THE first glimpse of Berryan is almost startling. On each side of the ravine up which we rode was an empty watercourse, built up of unmortared stone, and showing that the constructors had contemplated the possibility of rain even here. On turning the shoulder of a hill to our left, up started a palm-grove straight before us, fenced with dry stone walls, which were protected by prickly shrubs at the top. The glaring white cliffs on either side, and the deep green feathery foliage of the palm, combined to render the scene more like the background of a stage than the palm-garden of sober cultivation. We turned the corner of the plantation, and descended into a narrow lane. On the left the date-palms were in full luxuriance, on the right was the sterile mountain range, till, stern nature yielding to patient toil, the groves skirted the road on either side.

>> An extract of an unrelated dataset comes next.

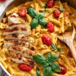 A creamy, flavorful Caprese Pasta recipe featuring tender seared chicken breast, a rich tomato cream sauce with garlic and white wine, and classic Italian flavors from fresh basil, cherry tomatoes, mozzarella, and Parmesan cheese. Perfect for a satisfying and elegant dinner that comes together in under an hour.

Now we entered an open space, with low black Arab tents, gaunt camels, and yelping pariah dogs. High perched above, a white sepulchre glared conspicuously. The town soon opened on the hill-side, consisting of

flat-roofed, mud-plastered, windowless edifices, many of them with brown-looking arcades on the first floor. On the summit of the hill culminated the Semaâr or mosque, with a great quadrangular tower, like an immense factory chimney, brought abruptly to a point.

We passed a cemetery to the left, sloping to the ravine like that on the banks of the Kedron at Jerusalem, and then entered a narrow gateway, for the city is fortified by a dry stone wall plastered with mud, and defended by square towers, now crumbling to decay. The narrow streets were lined by white-burnoused natives sitting on the ground in long rows, all gazing and some saluting as we passed.

We had attempted to invest our entry with somewhat of state, all guns unslung, our cavaliers in front, and Omar behind us preceding the camels who brought up the rear. In this order we rode directly to the marketplace, the "Grand Place" of Berryan. In the square a dignitary with a huge wooden key encountered us, to whom our foremost cavalier presented our letter of commendation, this, however, being a mere form, as the kadi had preceded us by a few hours and proclaimed our approach. After some discussion with our guides, the official made us wheel round again and enter a narrow street.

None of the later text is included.